What would Marty think, knowing his daddy was even now standing inside an alien spacecraft? What would Francine think?

If it is a spacecraft. Everybody seems to assume that. Perhaps the spacecraft left machines to construct this, and it was never in space at all. If so, why?

The cool dark quiet was profound, almost comforting. Reminds me of an anechoic chamber. Maybe the facets are dampers of some sort. He whistled sharply. The whistle returned, muted but clear. His voice, however, did not return. He shut off the microphone and shouted several times to make that point. The first two shouts were wordless, mere yells, apelike, and somehow he felt better after them. The third shout came out of him so rapidly he had no time to think.

What the hell are you doing here? What are you doing to us, goddammit?”

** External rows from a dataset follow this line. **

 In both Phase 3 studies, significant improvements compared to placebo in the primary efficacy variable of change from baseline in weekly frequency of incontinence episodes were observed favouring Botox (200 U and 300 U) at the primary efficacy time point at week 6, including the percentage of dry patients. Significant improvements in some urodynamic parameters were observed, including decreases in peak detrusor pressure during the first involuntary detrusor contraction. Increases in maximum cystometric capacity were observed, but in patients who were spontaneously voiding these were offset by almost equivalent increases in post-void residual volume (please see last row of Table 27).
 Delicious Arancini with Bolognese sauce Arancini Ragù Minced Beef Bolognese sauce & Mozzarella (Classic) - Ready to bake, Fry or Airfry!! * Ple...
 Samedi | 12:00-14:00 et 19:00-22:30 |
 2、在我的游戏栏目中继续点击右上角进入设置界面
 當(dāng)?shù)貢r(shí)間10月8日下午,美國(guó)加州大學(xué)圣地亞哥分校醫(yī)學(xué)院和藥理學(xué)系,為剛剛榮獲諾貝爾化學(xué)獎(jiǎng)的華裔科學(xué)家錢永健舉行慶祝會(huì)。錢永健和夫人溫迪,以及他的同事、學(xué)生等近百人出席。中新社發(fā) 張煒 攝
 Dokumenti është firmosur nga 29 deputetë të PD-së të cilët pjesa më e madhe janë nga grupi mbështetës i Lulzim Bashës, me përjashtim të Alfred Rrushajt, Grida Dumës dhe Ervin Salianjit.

Embarrassed, his face hot, Arthur approached the lip again and pointed his torch at the facets directly below. He thought of the Guest’s triple sherry-colored eyes, protruding from the surrounding dusty gray-green flesh. What a nightmare. All of it. Day by day we learn and it means nothing, has no pattern. We are befuddled being befuddled. Deliberate.

He tried to subdue his unreasoning rage. Surely there were ways to bring a nuclear weapon into this chamber. Backpack nukes hadn’t been manufactured for twenty years, and had never been field-tested. What else was in the arsenal that could be hauled into the chamber by one or at most two men?

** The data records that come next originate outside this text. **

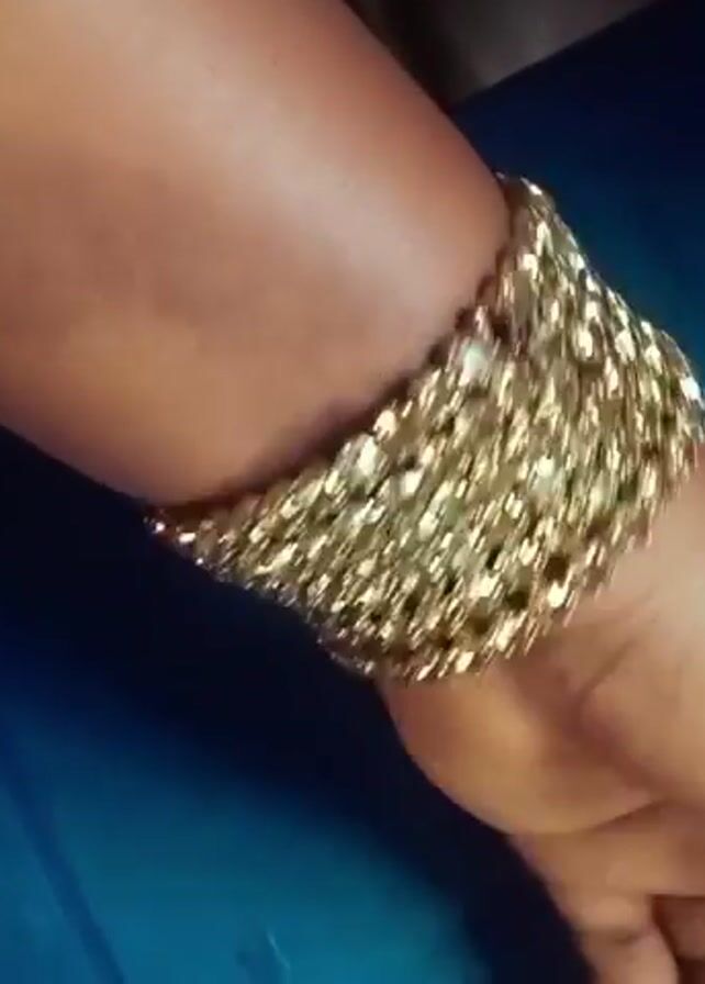 person's arm wearing a wide, gold-colored beaded bracelet. The arm and hand are resting on a blue surface. The person wiggles their fingers slightly.
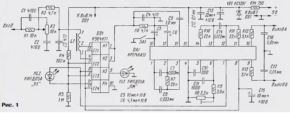 ЭНЦИКЛОПЕДИЯ РАДИОЭЛЕКТРОНИКИ И ЭЛЕКТРОТЕХНИКИ Стереодекодер с входным фильтром КСС. Энциклопедия радиоэлектроники и электротехники Энциклопедия радиоэлектроники и электротехники / Гражданская радиосвязь Как простыми средствами повысить качество принимаемых стереофонических программ звукового радиовещания, интересует многих радиолюбителей. Автор статьи анализирует способ формирования частотных и фазовых характеристик радиотракта и определяет звенья, в которых с небольшими затратами возможно введение корректирующих элементов, позволяющих улучшить выделение сигнала на выходе стереодекодера. Качество стереофонического радиоприема зависит не только от реального соотношения сигнал/шум на антенном входе приемника, но и от работы декодирующего устройства. Как известно, в стереодекодере (СД) комплексный стереосигнал (КСС) преобразуется в полярно-модулированные колебания (ПМК), а затем в выходные низкочастотные сигналы левого и правого каналов. Происходящие при этом преобразования определяют, в частности, столь важный параметр, как переходное затухание между каналами. Наилучшего разделения каналов позволяет достичь временной способ декодирования, при котором исключается восстановление поднесущей и связанные с этим нелинейные и фазовые искажения. На этом принципе работают большинство современных интегральных СД. На качество декодирования также существенное влияние оказывает спектр входного КСС. Верхняя модулированная частота, необходимая для передачи звуковой частоты в 15 кГц, при системе стереовещания с полярной модуляцией (ПМ) и поднесущей 31,25 кГц составляет 46,25 кГц, а при системе с пилот-тоном (ПТ) и поднесущей 38 кГц - 53 кГц. Обязательным условием отсутствия искажений и хорошего разделения каналов является горизонтальная (без завала) АЧХ и линейная ФЧХ в надтональной области частот, вплоть до указанных. В то же время наиболее типичным является радиоприемный тракт, имеющий спад АЧХ на верхних частотах КСС. Этот спад образуется из-за ограниченной полосы пропускания тракта ПЧ и ЧМ детектора. Если частоту среза КСС по уровню - 3 дБ обозначить Fcp, а частоту поднесущей - Fпод, то переходное затухание между каналами можно рассчитать по приближенной формуле р=20 log (2 Fcp/Fпод). Нетрудно подсчитать, что для получения разделения стереоканалов в 30 дБ необходима полоса сигналов с ПМ до 88 кГц, а сигналов с ПТ - до 107 кГц. Разумеется, эти данные являются приблизительными и не учитывают особенностей того или иного способа декодирования. Для коррекции АЧХ КСС в моделях декодеров применяют те или иные корректирующие цепи, как правило, простейшего RC-типа. С другой стороны, чрезмерное расширение спектра КСС приводит к резкому возрастанию шумов и помех от преобразования внеполосных сигналов. Если полоса КСС ничем не ограничена, то ухудшение соотношения сигнал/шум при приеме удаленных станций может составить 20 дБ и более по сравнению с монофоническим режимом. И напротив: сужение полосы КСС является эффективным шумопонижающим приемом. Противоречивым требованиям к КСС в наилучшей степени удовлетворяет АЧХ максимально плоская до частоты 70...80 кГц с дальнейшим резким спадом, организуемым фильтрами высоких порядков. Такая характеристика позволяет приблизиться к предельно достижимым параметрам конкретного СД по шумам и переходному 
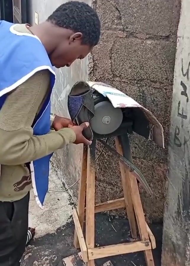 A man stands to the left of the frame in front of a cinderblock wall. He uses a grinding machine to buff the sole of a black sandal with a blue pattern. He is wearing a blue apron with a white trim. The grinding machine is set on top of a wooden stand. The machine is partially covered in a sheet of paper that is secured to it with tape. The man is holding the sandal with both hands and pressing it gently to the grinding wheel.
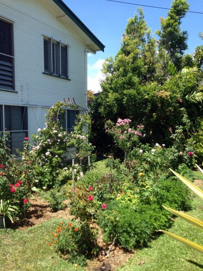 a lovely rose garden in the suburbs of Townsville demonstrating

Lieutenant Colonel Rogers knew. He had thought of just such a contingency before Arthur had broached the subject. His reaction — immediate, brusque — made that clear. If two were thinking of it, then others were, as well. How could they circumvent Crockerman’s authority over all nuclear weapons?

What good would it do?

“I’d like to ask you a few more questions,” he said, leaving the mike off. “Just between one human individual and whatever, whoever you are. Are we no more to you than a nest of ants? You go to the trouble to create an artificial being…”He was convinced of that, though the proof was not absolute. “You feed us two stories, maybe more. What are you telling the Russians in Mongolia? Are you telling them the universe is run on socialist principles? We thought, years past…we thought the arrival of something like you would change us all. You’ve taken advantage of that. You seem to know us better than we know ourselves. Or are we just so simple you can predict our behavior? If you’re superior, then why are you torturing us? How many civilizations have you destroyed?”

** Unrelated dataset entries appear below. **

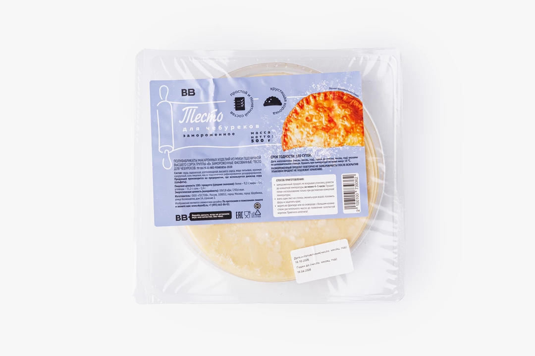Приготовление домашних чебуреков никогда не было таким удобным! Мы замесили традиционное бездрожжевое тесто, затем нарезали его на идеальные круги одинаковой толщины, чтобы можно было сразу приступить к готовке. Это тесто станет вашем незаменимым помощником, ведь благодаря нему вы сможете сэкономить время на приготовлении любимых блюд, не экономя на их вкусе. Количество заготовок из теста 14 шт (может иногда варьироваться, без изменения веса).
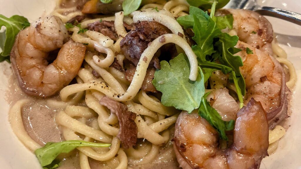 - Main: Shrimp linguini – tasty, though the purple hue of the sauce was unexpected. A little more char on the shrimp would have made it made it more visibly appealing – but it was still delicious.
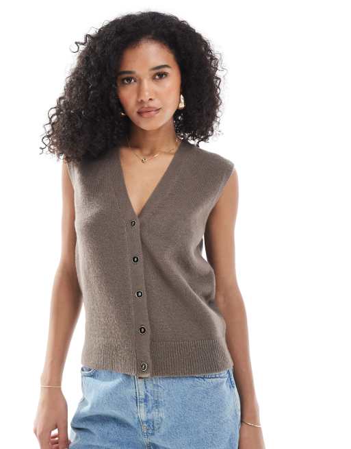 Chaleco de traje color visón abotonado de punto de New Look
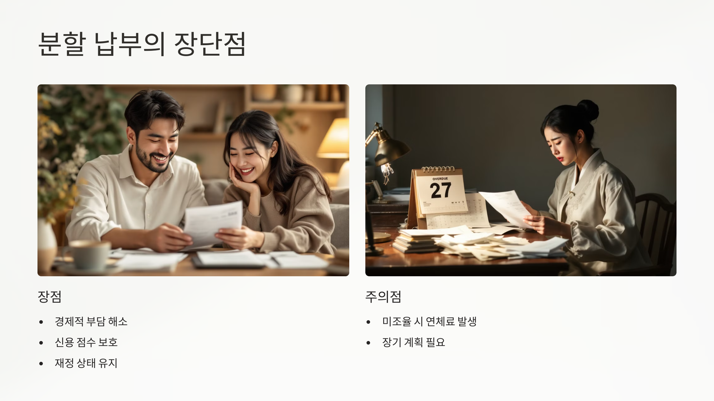 - 분할 납부를 선택한 이유가 긴급 상황이라면, 예산을 더 꼼꼼히 관리해야 합니다.

He did not expect an answer. The circular gray-faceted cathedral interior gloomed around him, silent and implacable, unreal despite his intense scrutiny.

“You’re going to eat the Earth, and spit it out, and move on,” he continued, his voice trembling. His rage was almost overwhelming; he wanted to smash things. With some haste, he retreated to the tunnel, to reach the outside before his decorum vanished completely and he wept in frustration.